We all lose a step with age. Our immune systems do, too. That’s one reason why older adults can be more vulnerable to diseases like COVID-19.

Much about how our immune cells transform over time remains a mystery. But a study in Nature Immunology sheds new light on the changes that ripple through the ranks of T cells, key players that are trained to hunt down and destroy infected cells.

Using a powerful method developed at the Allen Institute for Immunology, researchers compared populations of T cells in healthy children and older adults. They discovered two surprising aspects of a shifting immune landscape: profound molecular changes in a type of T cell that was thought to resist aging, and a new subtype present in children that vanishes with age.

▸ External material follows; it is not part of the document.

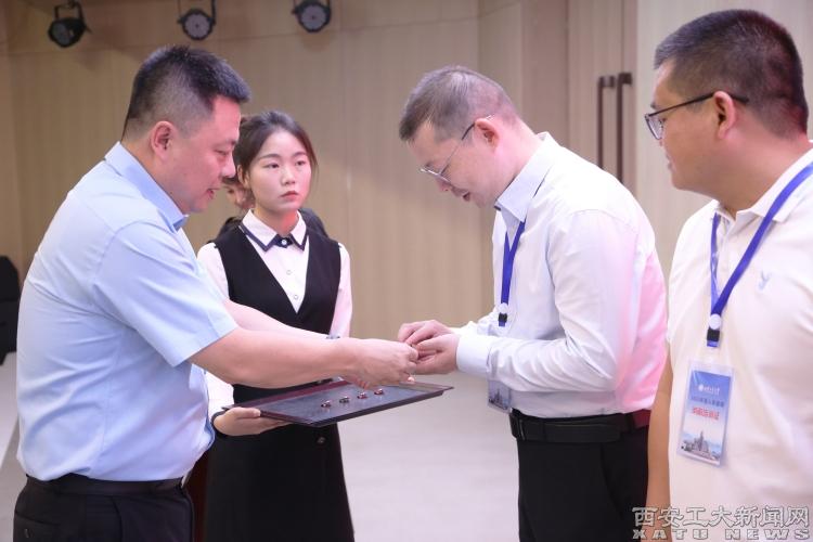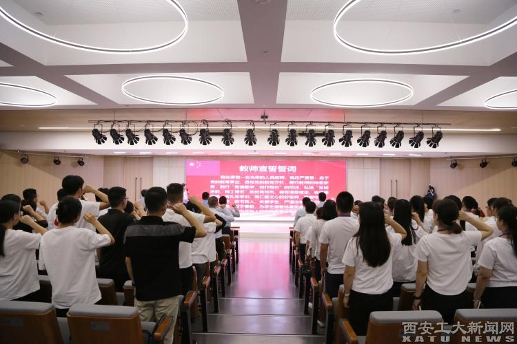 开班仪式上,全体参会教师在师德标兵王洪喜教授的带领下,进行庄严宣誓。掷地有声的誓词,紧握高举的右拳,是每一位新教师的前进方向,更是对教育事业的庄严承诺,随后,与会领导为新入职教师代表颁发佩戴校徽。

Together, the findings may offer new insights into how and why our immune responses change over time, said Claire Gustafson, Ph.D., an assistant investigator at the Allen Institute for Immunology.

“In aging, T cells are one of the most impacted cell types in the immune system, but the picture has always been muddled,” she said. “In this study, we had the right tool to definitively look at what happens to these cells as we age.”

That tool, dubbed TEA-seq, acts like a high-definition lens that can zoom in on the diversity of immune cells. It captures three different features of individual cells at once: their surface proteins, active genes, and DNA structure.

Scientists use that information to sort immune cells into different types. But before TEA-seq, they couldn’t measure all three key markers—protein, DNA, and RNA—at the same time, said Peter Skene, Ph.D., Director of Molecular Biology.

“You could use computational technologies to try and bring them together, but the puzzle pieces never fit perfectly,” said Skene, who led development of the method. “With TEA-seq, we wanted to cut out that knowledge gap and get a complete picture of what’s going on in each individual cell.”

New insights into T cells across age

TEA-seq’s greater depth of detail helped challenge the long-held belief that “naïve helper T cells,” which circulate in the blood awaiting threats, resist aging. The study revealed that, despite retaining a youthful look in their surface proteins, these cells undergo huge molecular changes under the hood—more so than any other T cell population, Gustafson said.

Further exploration uncovered the novel subtype of “killer T cell” in children, which had blended into the background with other single-cell approaches. TEA-seq brought it into focus.

The proteins that dot this cell type’s surface suggest it fights infection in tissues, Gustafson said. Intriguingly, it vanished from the blood of children who contracted COVID during the study, only to reappear after recovery.

For now, no one knows the implications of the cell type’s disappearance in adults. But the study’s insights could pave the way for tailoring vaccines and treatments to different age groups, Gustafson said.

“The key takeaway is that immune cells in a child are programmed differently than those in an adult,” she said. “Understanding these changes could help us design better vaccines and therapeutics.”

The team plans to use TEA-seq to study other key players in our immune systems, like B cells. And they hope to refine the method to make it easier and cheaper for other labs to adopt and unravel their own mysteries.

“The power of TEA-seq is that it can yield so much information about what’s going on in each individual cell,” said Zach Thomson, the study’s lead author. “This is just one experiment, and we’ve barely scratched the surface.”